Friday, 24 Av 5783 — “When [someone] requests from a person one cup to drink, one needs to give him immediately two cups.”

These are his holy words:

“The girl was extremely good-looking; a virgin whom no man had known” (Bereishit 24:16).  Rashi says: “Virgin” — that Rivka was the only one; one in the entire area amongst millions of girls.

“The girl was extremely good-looking; a virgin whom no man had known; she descended to the spring.”  It is written here (Bereishit ch. 24) nine times “her jug.”

“She hurried and emptied [her jug]” (ibid 20).  Eliezer, Avraham’s slave, said: I am only asking for water, a drop of water.  If I start telling Rivka to also give to the camels, to the donkeys — here I have with me ten camels, it will take thirty hours to give water to them.  It is impossible to give water to ten camels fast.

Now it is before sunset.  Now it is “evening time” (ibid 11), because they only come out at evening time, and then it is forbidden for men to be in the streets.  When women walk in the street, it is forbidden for there to be men.  That is how it was in Yemen — it was forbidden for men to go out at the time when women would go to make purchases.  They had two hours that they would go to make purchases, and it was forbidden for any man to remain in the street at this time.  If his wife was sick and she could not go out, he would go at a different time, but not when the women would go.

There is no such thing as going out when women are walking in the street — it is completely forbidden.  Now is evening time — the Zohar says that no man was in the street.

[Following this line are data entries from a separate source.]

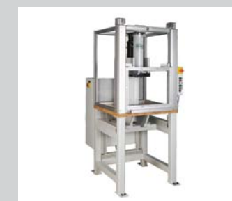
28 Servopressen Arbeitsplätze In verschiedensten Ausführungen möglich, auch Sonderausführungen.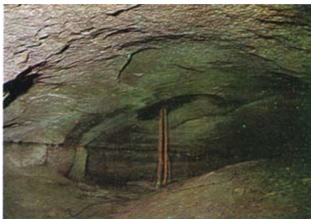
Fig. 1 — Gruta de onde foi coletado o solo.

de 50 metros do leito da estrada. Seu interior consta de dois compartimentos circulares (Fig. 1) com paredes de pedras nas quais existem diversos refúgios ou tocas, utilizados por animais de hábitos noturnos. O local é bastante escuro, tendo exigido o uso de lanternas para o trabalho de coleta. No solo, arenoso e úmido, encontrou-se diversas poças d'água.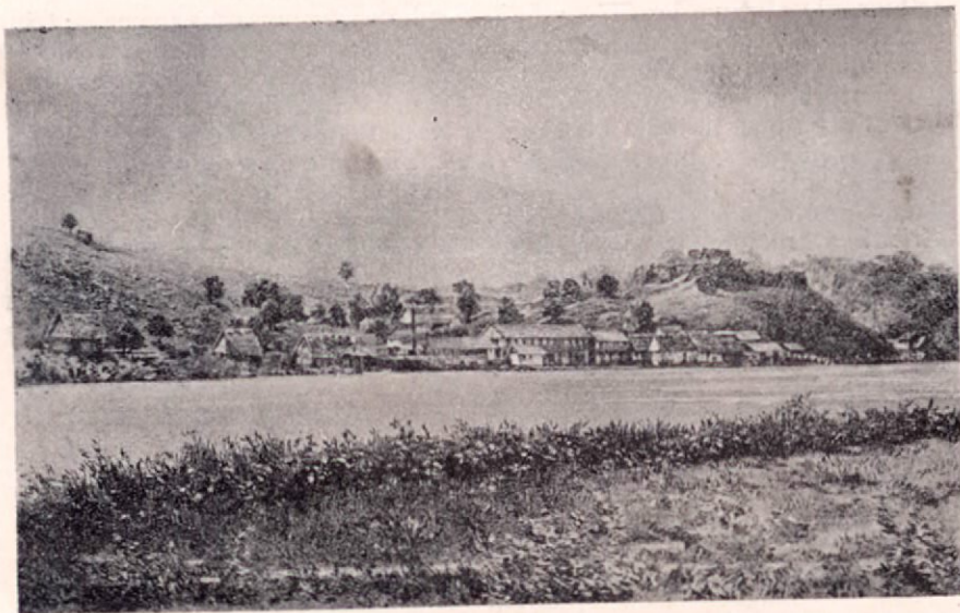
El Castillo Viejo sobre el río San Juan de Nicaragua

Anselmo y Susana se comprendían, se adivinaban, se presentían se amaban.

Eliezer went to Charan; he was the only one in the street, and he asked Rivka: Give me a little water.  She begins to say to him: I will also give to the camels, not only to you.  When [someone] requests from a person one cup to drink, you need to give him immediately two cups.  A person requests: Bring me a cup to drink — bring him two.  Perhaps he did not drink all day.  Such a hot day, 50 degree (C) heat.

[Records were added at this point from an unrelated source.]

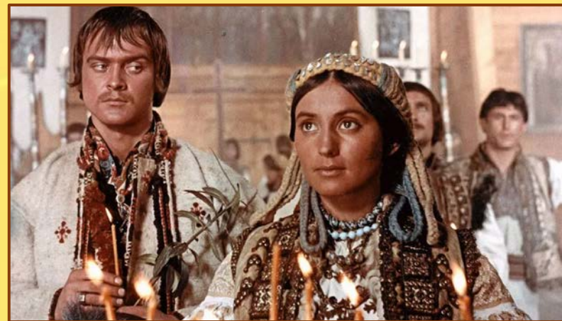
Кадр з фільму «Тіні забутих предків» (1965 р.)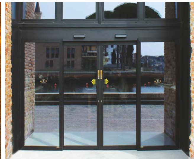
Brevetto Ponzi TOS T.T. porta con dispositivo antipanico a taglio termico Patent Ponzi TOS T.T. antipanic disposal break-out thermal insulated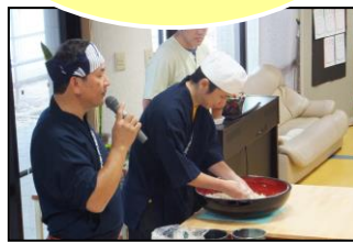
▲職人さんは話術も抜群

今回の手作り工房では、「香りの贈り物」を作りました。これは、石けんを布で包み、飾り付けをしたものです。タンスの中に入れて、ドアノブに掛けて、石けんの香りを楽しみます。皆さん、上手に出来ました。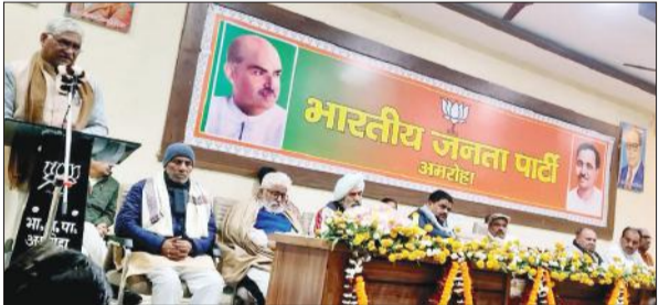
लोकसभा संचालन समिति की बैठक में शामिल भाजपा नेता।

The “Maor HaAfela” [of Rabbeinu Natanel ben Yeshaya zt”l, one of the great Rabbis of Yemen in the 14th century] in parashat Chayei Sarah says that Rivka’s jug jumped by itself.  Behold, no person, no man could give water to ten camels.  This would take him exactly ten hours.

The jug jumped by itself and would draw water.  Rivka stood at the spring and the water would always rise.  For if she would descend and ascend in order to draw water, she would not have sufficed to give them water.  Rather, Rivka stood still at the edge of the spring, and the water came up by itself; the jug jumped by itself.